Bosch called himself a “numbers guy.”

“He was probably one of the best math instructors that we’ve had at the college,” Larson said. “We were just as sad to see him go as a math teacher as we were as a coach.”

Bosch’s mathematics background sometimes shows in his coaching. The third-year head coach often uses mathematical equations to evaluate and explain parts of the season — including equating season-long trends to sine and cosine graphs — which is often so confusing it causes players to burst into laughter.

“He has to know that I don’t understand it,” junior outfielder Alicia Hansen said. “Everyone usually looks at me. Everyone else knows I don’t.”

Beyond that, Bosch creates and calculates his own statistics. He said there’s a number for how fast players run, throw overhand or underhand and swing the bat. Among other things he calculated: averages against left- or right-handers, and, Hansen said, he keeps track of a players average with an 0-2 count — things that otherwise wouldn’t show up in the stat sheet.

“That’s the way my brain works: A=B, B=C,” Bosch said. “Stats never lie.”

The strategies have translated to where he places players, often repositioning faster players to zones where the batter frequently hits.

While the numbers don’t resonate with players as often, Bosch often uses analogies to teach his players over the course of a season. Before this spring, Hansen said he cut the bottom out of a cup and filled it with 50 M&M’s, using his hand at the bottom to prevent them from falling. He removed his hand, causing the candies to tumble out, emulating how quickly the team’s 50 games would eventually pass.

Hansen said there are “at least 10” analogies that he’s used this season. For Bosch, there is always a number to back things up, his players said. Everything has a rationale.

SU vs OCC (Photos by Michael J. Okoniewski-SU Athletic Communications)

Courtesy of SU Athletics

This season, Bosch brought in a toy truck to an SU practice. He called it the “opportunity truck.” Throughout the season, Bosch would drive the remote-controlled truck around the field and bump it into a player of his choosing. The routine is embraced by players, who find humor in it, but Bosch ensures there is a meaning behind it.

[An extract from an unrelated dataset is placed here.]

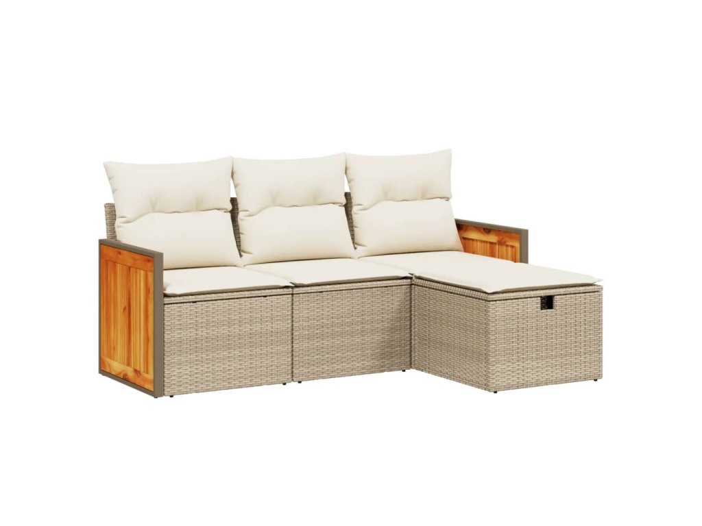 4dílná zahradní sedací souprava s poduškami béžová polyratan 3265706

Hansen said if you get hit by the truck, that’s your one opportunity. You can either take it or leave it. On April 28 — Senior Day at Syracuse Softball Stadium — the truck hit outfielder Rachel Burkhardt.

With the game scoreless in the bottom of the seventh inning, the senior, in front of her entire immediate family, walked to the plate.

“She got her opportunity,” senior Sammy Fernandez said.

With a swing of the bat, Burkhardt launched the ball over the centerfield fence, a walk-off home run. As she rounded the bases, she covered her face, shielding tears and masking a look of awe. The “opportunity truck” had chosen her, and she seized it.

***

Back in his office in Manley Field House, Bosch rose from his chair and pointed out pictures on the left side of his office, all memorabilia from his time at Iowa Lakes.

He noticed one in particular, and a slight smile crossed his face as he pointed in the direction of the plaque, honoring his former player’s achievements.

“She’s a mom,” he said. “She’s a mom … That’s how you know you’re old, when your players have kids.”

He pointed out a few more and told short stories as he went down the line before he arrived at the plaque he received after his 500th win as a head coach. Syracuse’s April 4 doubleheader sweep of Canisius would mark 600 wins of Bosch’s as a head softball coach.

“Thirty to 40 wins is a good benchmark for a good season,” Bosch said in his office. “To win 600 games, you’d have to win 30 games for 20 years.”

He paused. “Twenty years,” he said. “That’s how you know you’ve been in this for a long time.”

Bosch sat back in his chair. Just three years into his SU career, the coach has big aspirations for Syracuse and will stop at nothing to provide his team the ultimate goal: a national championship. He dug his pen into a piece of paper on his desk and got back to work.